A side-effect of the coronavirus in India has the international astrophysicist community all abuzz with excitement at the unique opportunity it has provided to study at close quarters a profound cosmic enigma, namely the phenomena known as black holes.
A black hole is created when a super star explodes leaving behind a compressed ‘singularity’ of infinite mass with a gravitational force so powerful that it sucks in everything that comes anywhere near it, including light itself.
That’s always been the trouble with black holes. You could study them from afar – which is what scientists did – but you daren’t come too close to them because, if you did, you’d disappear inside them and never come out again, like the veterinary dentist who put his head in the lion’s mouth to check the beast’s teeth for cavities and no hair nor hide of him was to be seen thereafter.
When the second wave of the coronavirus struck India a whole lot of things mysteriously began to disappear all of a sudden.
Of course in India things – Alphonso mangoes in season, Bengal’s famous hilsa maach, tickets for the latest Bollywood blockbuster – long had a way of disappearing from the open market.
However, such vanishing acts were minor in nature and of temporary duration, as in the case of the Alphonso aams which would reappear in relocated avatar in the oil-rich sheikhdoms of West Asia.
But when the second wave of the pandemic hit India, the disappearances assumed epic proportions: millions of doses of vaccines produced within the country gone without any clue or trace of their whereabouts or whenabouts, the same with supplies of oxygen, and ventilators, and anti-virus drugs.

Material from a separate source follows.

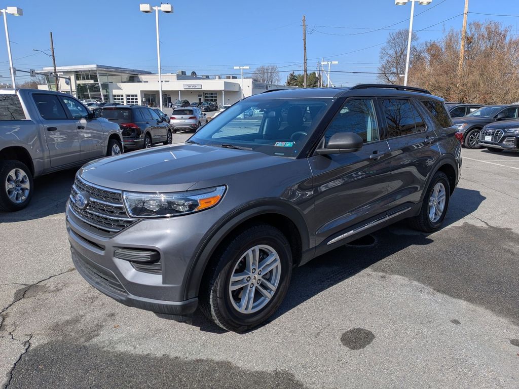 Introducing the 2022 Ford Explorer XLT – a versatile and capable SUV that's ready to elevate your driving experience. With its sleek gray exterior and powerful 2.3L EcoBoost I-4 engine paired with a 10-speed automatic transmission and 4WD, this Explorer is built to conquer the road ahead. This Explorer XLT is packed with features that cater to your needs. Enjoy the convenience of the SYNC 3 Communications & Entertainment System, dual-zone automatic climate control, and a power liftgate. Stay connected with the FordPass Connect technology, and stay safe with advanced safety features like emergency communication system, blind-spot monitoring, and rear parking sensors. The spacious interior offers seating for up to seven, with a 35/30/35 second-row bench and a split-folding third row. Upgrade your comfort with heated front seats, a power driver's seat, and a leather-wrapped steering wheel. The 18-inch silver-painted aluminum wheels add a touch of style to this capable SUV. With an EPA-estimated 20 city/27 highway mpg, the 2022 Ford Explorer XLT delivers impressive efficiency without compromising performance. Whether you're embarking on a family adventure or tackling your daily commute, this Explorer is ready to take you there. Experience the versatility and refinement of the 2022 Ford Explorer XLT. Visit our showroom today and let us demonstrate how this SUV can elevate your driving experience. We're confident you'll be impressed by its exceptional blend of capability, technology, and comfort.
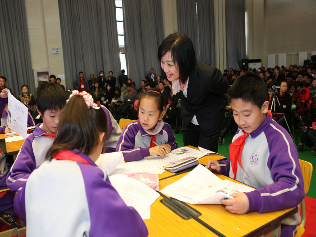 随后,我校著名特级教师王玲湘老师在附小联盛馆为代表们上了两节精彩纷呈的语文课。课上,王老师巧妙运用小组化合作学习方式,将基础与拓展结合的“1+X课程”育人模式理念传达给了与会的代表,扎实的基本功与学生良好学习习惯的展现更是令大家赞不绝口。

These strange goings-on gave rise to much speculation. Were they the result of some jaddugiri, some sorcery, which – Chhoo mantar! – could make solid objects dematerialise into nothingness? Had the Bermuda Triangle, known to gobble up aircraft, emigrated to India?
Pooh-poohing such superstitions, science solved the riddle. The disappearance of all the missing stuff proved the existence of localised black holes.
More specifically, it proved the existence of a desi variant of black holes, to be labelled BM SHRI 420. Or, Black Market Shri Charsoh bees.
This article is intended to bring a smile to your face. Any connection to events and characters in real life is coincidental.